_RAW DATA_
__________

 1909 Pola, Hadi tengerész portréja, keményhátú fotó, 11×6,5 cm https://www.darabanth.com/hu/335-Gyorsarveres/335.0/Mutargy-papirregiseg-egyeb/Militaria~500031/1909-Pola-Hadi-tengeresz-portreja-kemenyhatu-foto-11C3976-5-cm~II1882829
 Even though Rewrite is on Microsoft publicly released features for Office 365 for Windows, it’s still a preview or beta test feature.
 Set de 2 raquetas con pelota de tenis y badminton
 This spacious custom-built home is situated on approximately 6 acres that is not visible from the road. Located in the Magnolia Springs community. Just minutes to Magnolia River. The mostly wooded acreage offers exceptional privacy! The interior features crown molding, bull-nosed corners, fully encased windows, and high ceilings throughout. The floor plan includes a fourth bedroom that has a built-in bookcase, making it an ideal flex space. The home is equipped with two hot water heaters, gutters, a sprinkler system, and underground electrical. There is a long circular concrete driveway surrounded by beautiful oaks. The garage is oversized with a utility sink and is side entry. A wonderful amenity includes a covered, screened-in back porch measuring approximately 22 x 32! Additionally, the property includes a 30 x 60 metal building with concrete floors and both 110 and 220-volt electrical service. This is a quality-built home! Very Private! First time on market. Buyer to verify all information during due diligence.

__________

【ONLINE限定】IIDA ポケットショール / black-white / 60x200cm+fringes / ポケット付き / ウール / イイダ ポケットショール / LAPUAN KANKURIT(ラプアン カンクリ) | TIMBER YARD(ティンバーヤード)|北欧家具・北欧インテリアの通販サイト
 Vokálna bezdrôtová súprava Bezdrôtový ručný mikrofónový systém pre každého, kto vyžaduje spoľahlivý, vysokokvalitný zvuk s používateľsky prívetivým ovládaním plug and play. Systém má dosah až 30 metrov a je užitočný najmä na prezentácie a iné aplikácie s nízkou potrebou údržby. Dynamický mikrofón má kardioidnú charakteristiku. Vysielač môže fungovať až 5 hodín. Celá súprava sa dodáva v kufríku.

__________

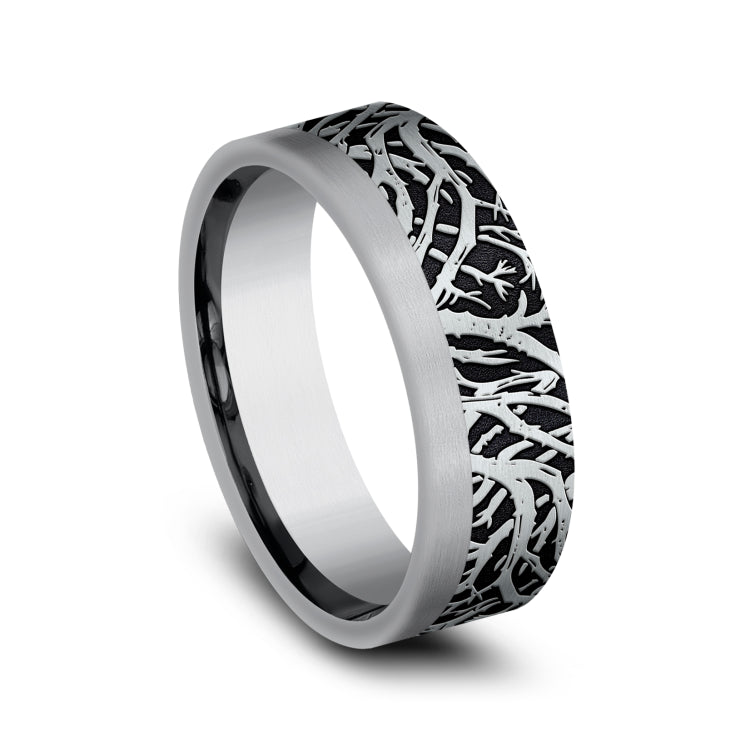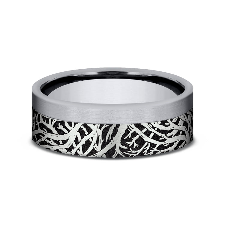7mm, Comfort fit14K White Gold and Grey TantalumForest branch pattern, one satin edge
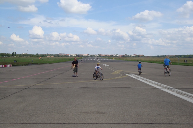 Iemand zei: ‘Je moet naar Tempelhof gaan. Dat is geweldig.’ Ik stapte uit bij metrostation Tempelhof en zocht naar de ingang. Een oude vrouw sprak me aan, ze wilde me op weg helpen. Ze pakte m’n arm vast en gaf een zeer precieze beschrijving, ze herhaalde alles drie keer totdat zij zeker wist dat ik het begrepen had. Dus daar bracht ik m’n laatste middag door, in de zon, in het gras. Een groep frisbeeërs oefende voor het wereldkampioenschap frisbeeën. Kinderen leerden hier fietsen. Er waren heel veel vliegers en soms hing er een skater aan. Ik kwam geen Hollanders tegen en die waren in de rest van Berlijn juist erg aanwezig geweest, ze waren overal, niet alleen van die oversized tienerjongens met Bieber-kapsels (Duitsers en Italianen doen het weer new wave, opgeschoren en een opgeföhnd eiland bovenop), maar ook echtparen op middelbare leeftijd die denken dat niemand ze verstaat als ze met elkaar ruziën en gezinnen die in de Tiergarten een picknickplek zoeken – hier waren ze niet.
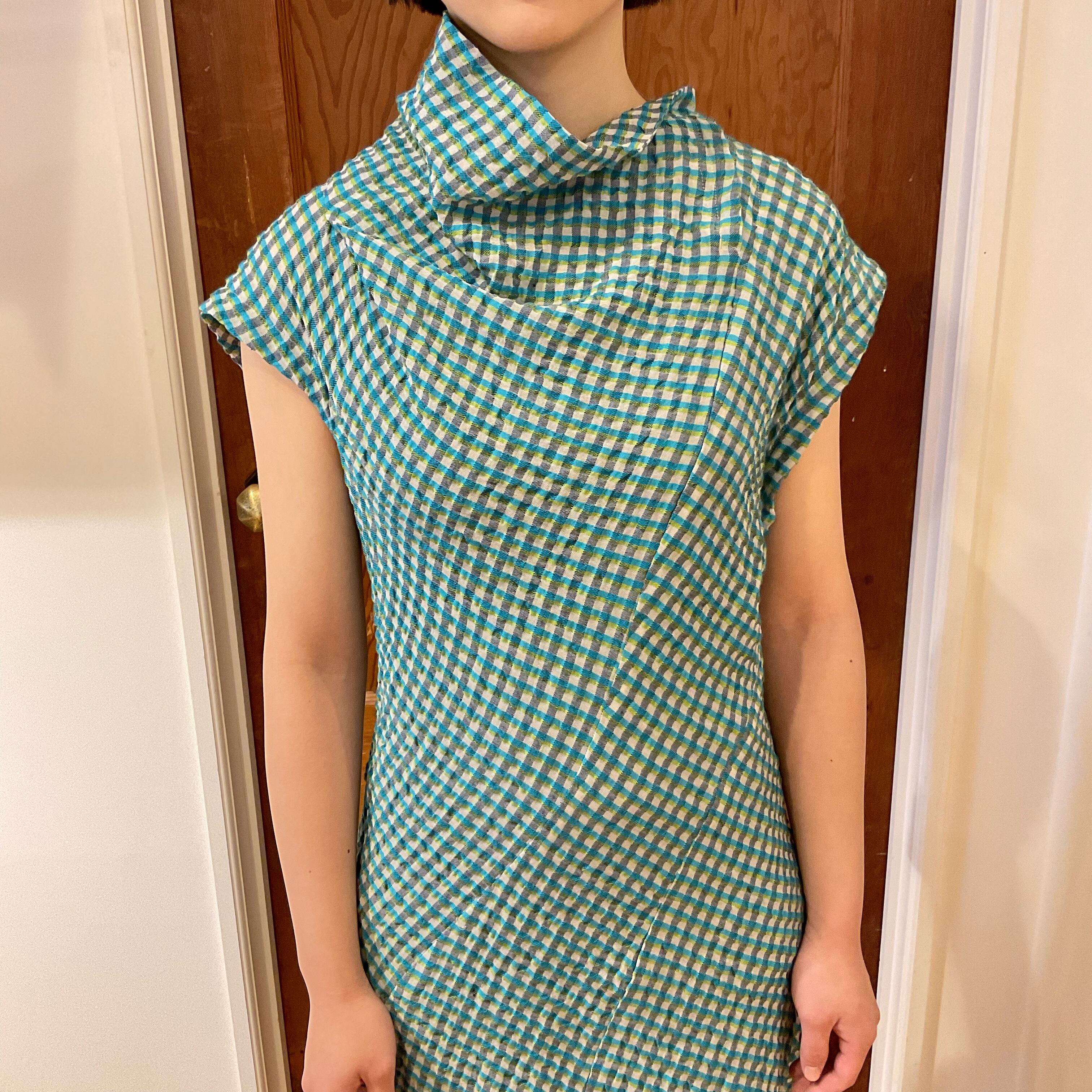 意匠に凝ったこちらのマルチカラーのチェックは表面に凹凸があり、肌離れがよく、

__________

_WHAT YOU NEED TO DO_
From the listing above, repeat exactly the lines starting at the line that includes "Set de 2 raquetas" and ending at the line that includes "This spacious custom-built", with nothing outside that span.

_ANSWER BOX_
 Set de 2 raquetas con pelota de tenis y badminton
 This spacious custom-built home is situated on approximately 6 acres that is not visible from the road. Located in the Magnolia Springs community. Just minutes to Magnolia River. The mostly wooded acreage offers exceptional privacy! The interior features crown molding, bull-nosed corners, fully encased windows, and high ceilings throughout. The floor plan includes a fourth bedroom that has a built-in bookcase, making it an ideal flex space. The home is equipped with two hot water heaters, gutters, a sprinkler system, and underground electrical. There is a long circular concrete driveway surrounded by beautiful oaks. The garage is oversized with a utility sink and is side entry. A wonderful amenity includes a covered, screened-in back porch measuring approximately 22 x 32! Additionally, the property includes a 30 x 60 metal building with concrete floors and both 110 and 220-volt electrical service. This is a quality-built home! Very Private! First time on market. Buyer to verify all information during due diligence.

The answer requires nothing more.